**Task instructions:** Could you retype the records word for word but without any pictures?

===== Records supplied

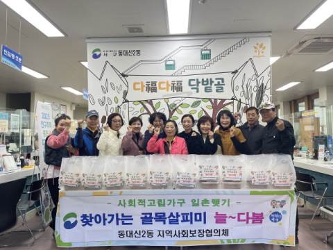 부산 서구 동대신2동 지역사회보장협의체(위원장 최환하)는 27일 복지통장(골목살피미)과 함께 사회적 고립 가구의 고독사 예방을 위한 ‘찾아가는 골목살피미 늘~다봄 사업’을 운영했다고 밝혔다.
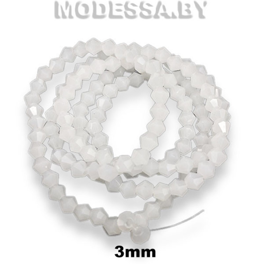 Бусины стеклянные граненые на нити биконусы (1нить=150шт), диаметр 3мм. Идеально подойдут для плетения браслетов, чокеров, колье, украшения ободков и других ювелирных изделий. Граненые хрустальные бусины кристаллы очень ярко переливаются, блестят. Бусины на нити так же подойдут для декора одежды и предметов интерьера и др.
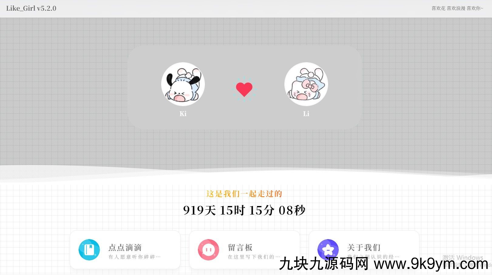 LikeGirl是一款情侣恋爱主题源码,使用php语言编写,适用于情侣纪念恋爱过程。
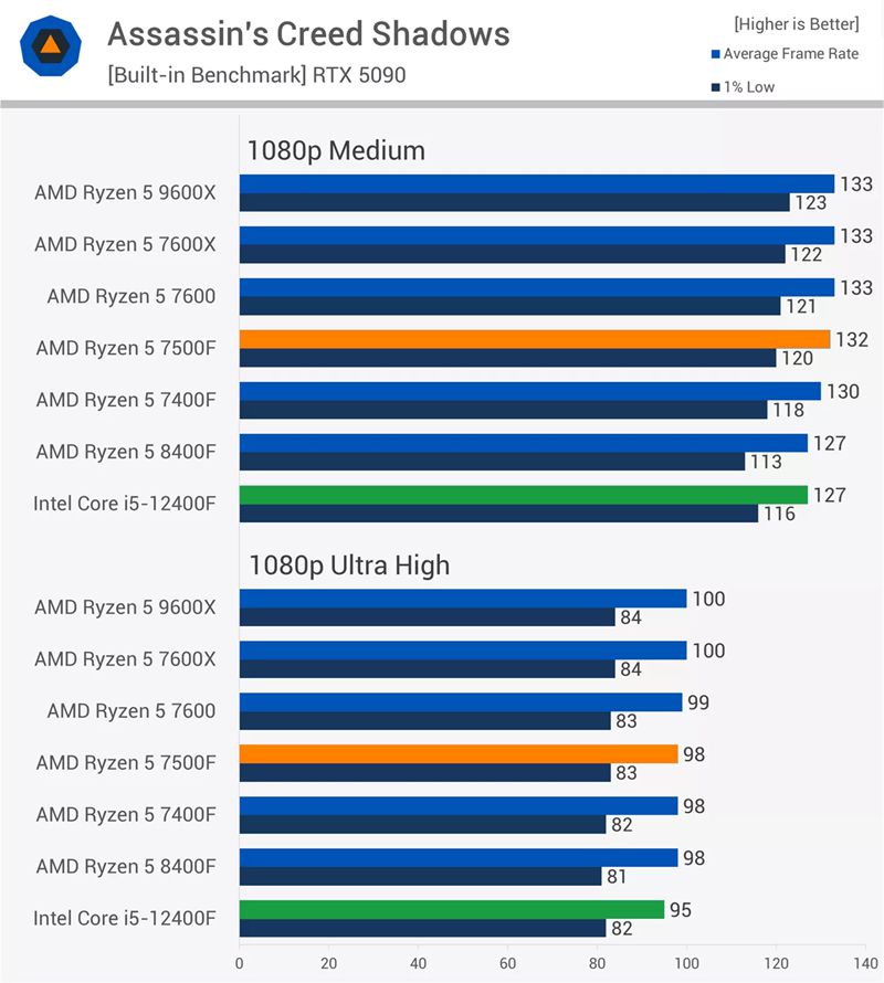 Trong các tựa game bị giới hước nhiều bởi GPU như Assassin's Creed Shadows, CPU không còn đóng vai trò quá quan trọng và giá trị của 12400F được thể hiện rõ. Ở đây, 7500F chỉ nhanh hơn chưa đến 5%, nghĩa là hiệu năng gần như tương đương và trải nghiệm chơi game sẽ không có khác biệt đáng kể.
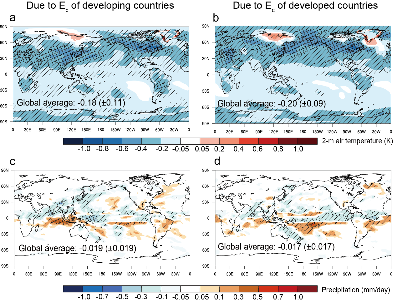 图2 发展中国家(左)和发达国家(右)消费相关的硫酸盐气溶胶引起的全球温度响应(上)和降水响应(下)。

==========

**Result of the task:**
 부산 서구 동대신2동 지역사회보장협의체(위원장 최환하)는 27일 복지통장(골목살피미)과 함께 사회적 고립 가구의 고독사 예방을 위한 ‘찾아가는 골목살피미 늘~다봄 사업’을 운영했다고 밝혔다.
 Бусины стеклянные граненые на нити биконусы (1нить=150шт), диаметр 3мм. Идеально подойдут для плетения браслетов, чокеров, колье, украшения ободков и других ювелирных изделий. Граненые хрустальные бусины кристаллы очень ярко переливаются, блестят. Бусины на нити так же подойдут для декора одежды и предметов интерьера и др.
 LikeGirl是一款情侣恋爱主题源码,使用php语言编写,适用于情侣纪念恋爱过程。
 Trong các tựa game bị giới hước nhiều bởi GPU như Assassin's Creed Shadows, CPU không còn đóng vai trò quá quan trọng và giá trị của 12400F được thể hiện rõ. Ở đây, 7500F chỉ nhanh hơn chưa đến 5%, nghĩa là hiệu năng gần như tương đương và trải nghiệm chơi game sẽ không có khác biệt đáng kể.
 图2 发展中国家(左)和发达国家(右)消费相关的硫酸盐气溶胶引起的全球温度响应(上)和降水响应(下)。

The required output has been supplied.